FalconFS: Distributed File System for Large-Scale Deep Learning Pipeline
Jingwei Xu, Junbin Kang, Mingkai Dong, Mingyu Liu, Lu Zhang, Shaohong Guo, Ziyan Qiu, Mingzhen You, Ziyi Tian, Anqi Yu, Tianhong Ding, Xinwei Hu, Haibo Chen
TL;DR
FalconFS tackles metadata path-resolution bottlenecks in large-scale DL pipelines by adopting a stateless-client design that moves path resolution from clients to servers. It combines hybrid metadata indexing with lazy namespace replication to achieve one-hop path resolution and high concurrency, aided by concurrent request merging and a VFS shortcut for easy deployment. Empirical results show FalconFS delivering up to 5.72x throughput for small-file IO and up to 12.81x for DL training compared with CephFS and Lustre, and it has been deployed in Huawei's production AI clusters for a year.
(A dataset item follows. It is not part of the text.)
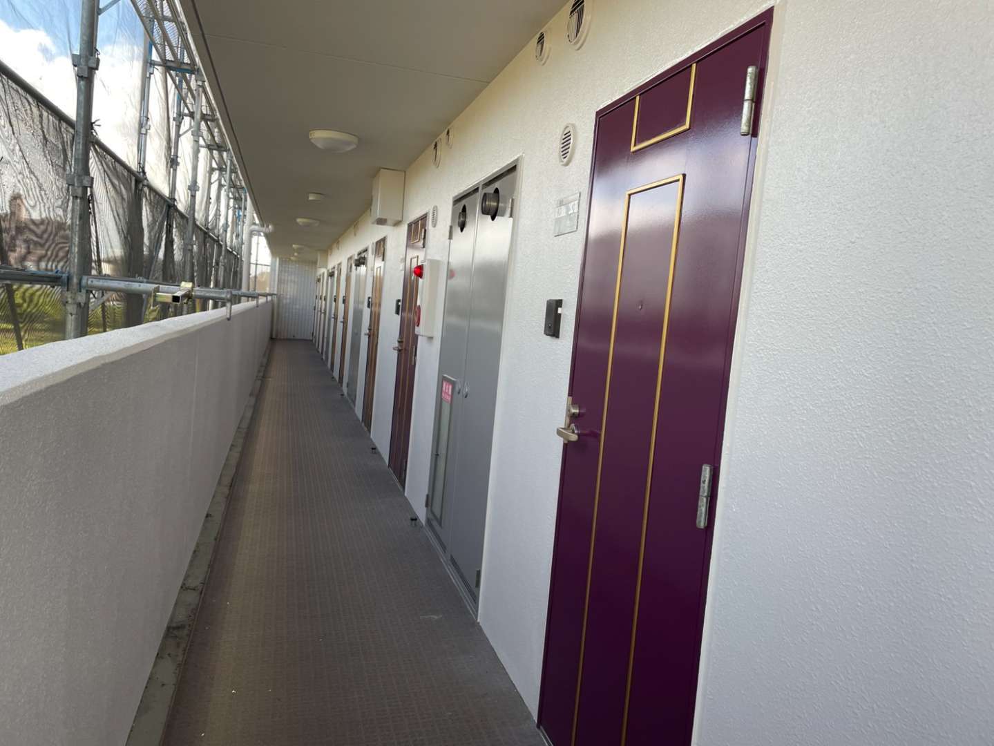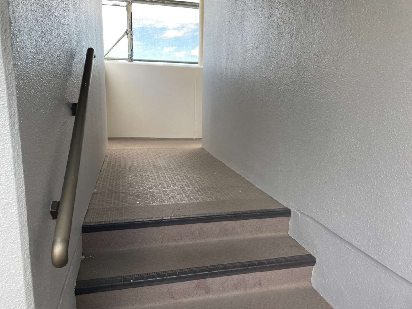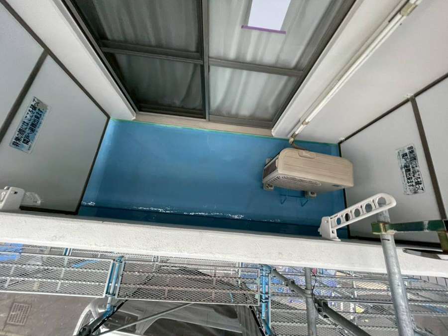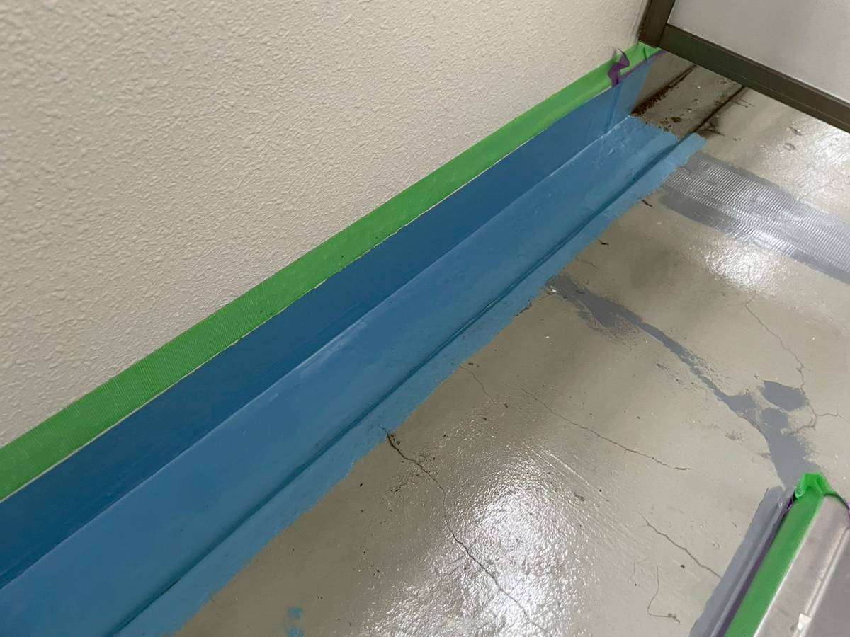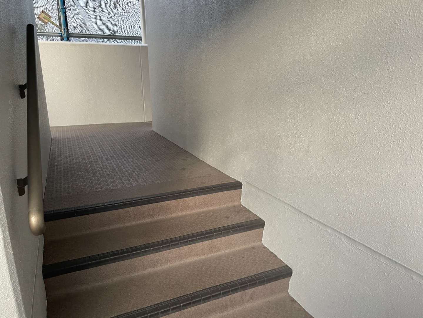 Kマンション様の作業は、2Fベランダのウレタン樹脂1層目塗装・1Fベランダのプライマー塗装まで進んでいます。階段・通路の塗装作業は、完了しました。

The work contributes a practical, open-source DFS optimized for DL workloads and demonstrates significant gains in metadata performance and end-to-end DL throughput, with implications for data-centric AI infrastructure.
Abstract
Client-side metadata caching has long been considered an effective method for accelerating metadata operations in distributed file systems (DFSs). However, we have found that client-side state (e.g., caching) is not only ineffective but also consumes valuable memory resources in the deep learning pipelines. We thus propose FalconFS, a DFS optimized for deep learning pipelines with the stateless-client architecture. Specifically, instead of performing client-side path resolution and caching, FalconFS efficiently resolves paths on the server side using hybrid metadata indexing and lazy namespace replication. FalconFS also boosts server concurrency with concurrent request merging and provides easy deployment with VFS shortcut. Evaluations against CephFS and Lustre show that FalconFS achieves up to 5.72$\times$ throughput for small file read/write and up to 12.81$\times$ throughput for deep learning model training. FalconFS has been running in Huawei autonomous driving system's production environment with 10,000 NPUs for one year and has been open-sourced.